Gold: Starcom MediaVest

If integration is the name of the game this year, then Starcom MediaVest Group gets top marks. Headed by Lauren Richards, the agency set the bar for intelligent and innovative content integration initiatives by partnering Nintendo Wii's Big Brain Academy with Canwest's Are You Smarter Than a Canadian 5th Grader? for an initiative that was shortlisted at Cannes this year.

If integration is the name of the game this year, then Starcom MediaVest Group gets top marks. Headed by Lauren Richards, the agency set the bar for intelligent and innovative content integration initiatives by partnering Nintendo Wii’s Big Brain Academy with Canwest’s Are You Smarter Than a Canadian 5th Grader? for an initiative that was shortlisted at Cannes this year.

‘The strategic fit was fantastic,’ explains Richards. ‘I don’t believe in integrating by banging people over the head and doing it for the sake of it.’

SMG’s key to success is creative partnering, given the limited content available in the Canadian marketplace. ‘They continue to bring the opportunity – and the desire – to be more innovative,’ says Gaye McDonald, former VP marketing ventures/brand partnership, Canwest MediaWorks. ‘Sometimes you need your partner to challenge you.’

Starcom’s momentum in 2008 was helped by significant new business wins, including the repatriation of Kellogg’s and the addition of names like RIM, Samsung and WSPCA to its client roster. The agency also brought in some noteworthy talent, including Anne Myers, formerly of OMD, as EVP managing director and Joy Sanguedoce as innovation director.

Last year marked a reinvention process for the agency. ‘There’s a lot we’re doing differently, and a lot of new talent. We’re really seeing the fruits of our labour,’ says Richards, who has been with SMG since July 2006. ‘I was thrilled with the product, the direction, where we’ve come from and where we’re going with it, and the new business momentum that we have.’

Another new venture for the agency was the launch of a Canadian captivation study that quantifies the ability of TV programming to deliver highly engaged viewers and drive recall.
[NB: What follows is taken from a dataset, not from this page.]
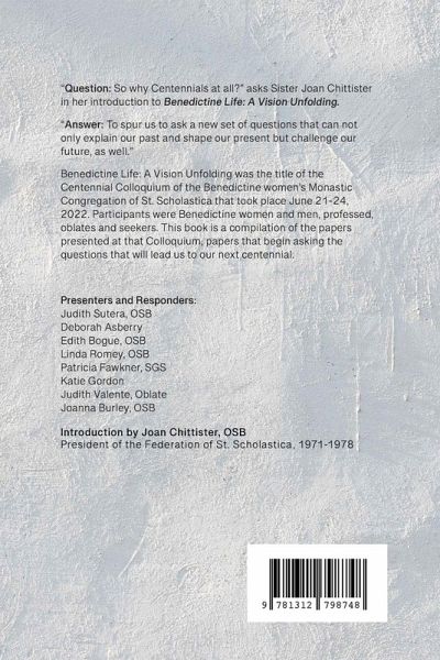 Benedictine Life: A Vision Unfolding is about a vision-a vision that arose more than 1,500 years ago when St. Benedict penned his rule for monks. A 21st century way forward for this tradition will arise only when we immerse ourselves in its wisdom teaching and emulate the witness of those who have invested their lives in it over many centuries. Only then will the vision unfold for us. Benedictine Life: A Vision Unfolding was also the title of the Centennial Colloquium of the Benedictine women's Monastic Congregation of St. Scholastica that took place June 21-24, 2022. Participants were Benedictine women and men, professed, oblates and seekers. This book is a compilation of the papers presented at that Colloquium, with the addition of an introduction by Benedictine Sister Joan Chittister who served as president of the Congregation from 1971-1978. These are the presenters and responders whose papers you will find in this book: Judith Sutera, OSB, Deborah Asberry, Edith Bogue, OSB, Linda Romey, OSB, Patricia Fawkner, SGS, Katie Gordon, Judith Valente, Oblate, Joanna Burley, OSB. May the insights and questions they present guide us into the next 100 years.

The index, borrowed from similar studies south of the border, aims to create greater value for SMG’s TV buying clients.

And given the state of the economy, value is growing even more important for marketers. Richards says it comes down to being inventive, and now that throwing money at a problem is no longer an option, that means original ideas. ‘That kind of thinking is where we want to push our agency more and more,’ she says.

VITAL STATS

Location: Toronto

Number of employees: 100

New hires:
• Anne Myers, EVP, managing director
• Alexandra Panousis, SVP, group strategy director
• Chris Saunders, SVP, group strategy director
• Joy Sanguedoce, innovation director

New business: Kellogg’s, GM Search, RIM, Samsung, WSPCA, Flow, Bass Pro Shops, Chinese Lantern Festival

JOHNNIE WALKER

When investigating the opportunities for increasing Johnnie Walker consumption among the Chinese-Canadian community, Starcom found a New Years custom that aligned perfectly with the brand’s positioning as the scotch of choice for successful and accomplished consumers.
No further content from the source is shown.